ISG-ICS / Wildfires

7 stars 4 forks source link

Duplicate Fires Crawled #23

Open Yicong-Huang opened 4 years ago

Yicong-Huang commented 4 years ago

There are multiple entries with the same fire name in the database. related to Fire data runnable.

@ScarlettZ98 can you check please?

ScarlettZ98 commented 4 years ago

What is the name of the fire please?

Yicong-Huang commented 4 years ago

from fire table:

Kincade
Burris
Getty
Kincade
Kincade
Kincade
Getty
Kincade
Kincade
Kincade
Kincade
Kincade
Contempo
Kincade
Palisades
Kincade
Tick
Kincade
Saddle ridge
Palisades
Palisades
Paradise west
Palisades
Saddle ridge
Caples
Caples
Franklintrail

from fire_history table:

Contempo
Burris
Getty
Getty
Tick
Real
Getty
Tick
Real
Paradise_West
Palisades
Kincade
Franklintrail
West
Wendy
Walker
W-1_Mcdonald
Ukonom
Taboose
Star
South
Schaeffer
Saddle_Ridge
Rosasco
Red_Bank
Red

from fire_merged table:

Getty
Contempo
Palisades
Kincade
Tick
Tick
Paradise west
Paradise west
Paradise west
Palisades
Franklintrail
Real
Real
Wendy
Saddle ridge
Dehesa
Caples
Briceburg
West
Lopez
Schaeffer
Mcmurray
Bautista
Rosasco
Jakes
Kidder 2
ScarlettZ98 commented 4 years ago

Fire table is supposed to have records with the same names since the id is the primary key. Fire history table only uses the name and year of the fire so it doesn't matter. Fire merged table may have records with the same name also. If ids in fire table and fire merged doesn't match, then it is an issue. Names can be duplicated

Yicong-Huang commented 4 years ago

thanks. what about the fire id in fire_merged table then? shouldn't them be unique?

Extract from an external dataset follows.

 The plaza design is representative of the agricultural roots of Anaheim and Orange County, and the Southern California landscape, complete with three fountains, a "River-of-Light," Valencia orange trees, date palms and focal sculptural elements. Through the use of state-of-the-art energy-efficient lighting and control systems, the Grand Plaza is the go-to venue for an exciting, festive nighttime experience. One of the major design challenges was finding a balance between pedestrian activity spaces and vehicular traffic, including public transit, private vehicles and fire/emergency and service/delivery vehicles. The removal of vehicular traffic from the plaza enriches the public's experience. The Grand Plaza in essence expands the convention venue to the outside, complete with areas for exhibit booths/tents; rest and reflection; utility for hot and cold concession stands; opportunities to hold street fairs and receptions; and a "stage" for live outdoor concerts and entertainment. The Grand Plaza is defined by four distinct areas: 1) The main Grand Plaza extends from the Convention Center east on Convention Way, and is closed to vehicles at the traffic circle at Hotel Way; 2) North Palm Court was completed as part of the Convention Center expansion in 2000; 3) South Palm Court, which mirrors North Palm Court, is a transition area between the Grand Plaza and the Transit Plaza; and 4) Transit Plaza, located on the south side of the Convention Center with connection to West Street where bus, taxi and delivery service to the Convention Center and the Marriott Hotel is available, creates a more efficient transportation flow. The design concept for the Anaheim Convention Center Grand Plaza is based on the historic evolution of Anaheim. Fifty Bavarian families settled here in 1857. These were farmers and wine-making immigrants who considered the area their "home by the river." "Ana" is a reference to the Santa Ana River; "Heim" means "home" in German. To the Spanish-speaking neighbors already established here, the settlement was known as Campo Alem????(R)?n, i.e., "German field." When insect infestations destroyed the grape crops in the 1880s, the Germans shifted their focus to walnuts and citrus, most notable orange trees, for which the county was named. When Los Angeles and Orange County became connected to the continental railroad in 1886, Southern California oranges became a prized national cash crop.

ScarlettZ98 commented 4 years ago

I just checked the table, and there is an issue that Paradise west is created multiple times. I will look into it this weekend.

Yicong-Huang commented 4 years ago

Thanks.

Is it hard to clean the data that is corrupted (duplicated)?

I assume we can just delete the corresponding records and then rerun the fixed crawler?

ScarlettZ98 commented 4 years ago

No. I will drop them and recrawl after fix it. But it is hard for me to test the daily use of the crawler. Some issues don't appear before because when I test it, the time separation is not so long.

Yicong-Huang commented 4 years ago

Maybe we can discuss more about the details of the strategy to merge fires? seems right now it is a static separate days threshold?

ScarlettZ98 commented 4 years ago

Right now it is not. Every page in the gov website is a merged fire, it crawls the website and gives it an id, then fire with the id is the merged fire.

Yicong-Huang commented 4 years ago

maybe it's better to do a F2F discussion?

ScarlettZ98 commented 4 years ago

Yes, but I don't have time today. I can do it tomorrow

Yicong-Huang commented 4 years ago

No urgent. Let's move the discussion to slack, and please schedule a meeting with me if possible.

Yicong-Huang commented 4 years ago

any updates?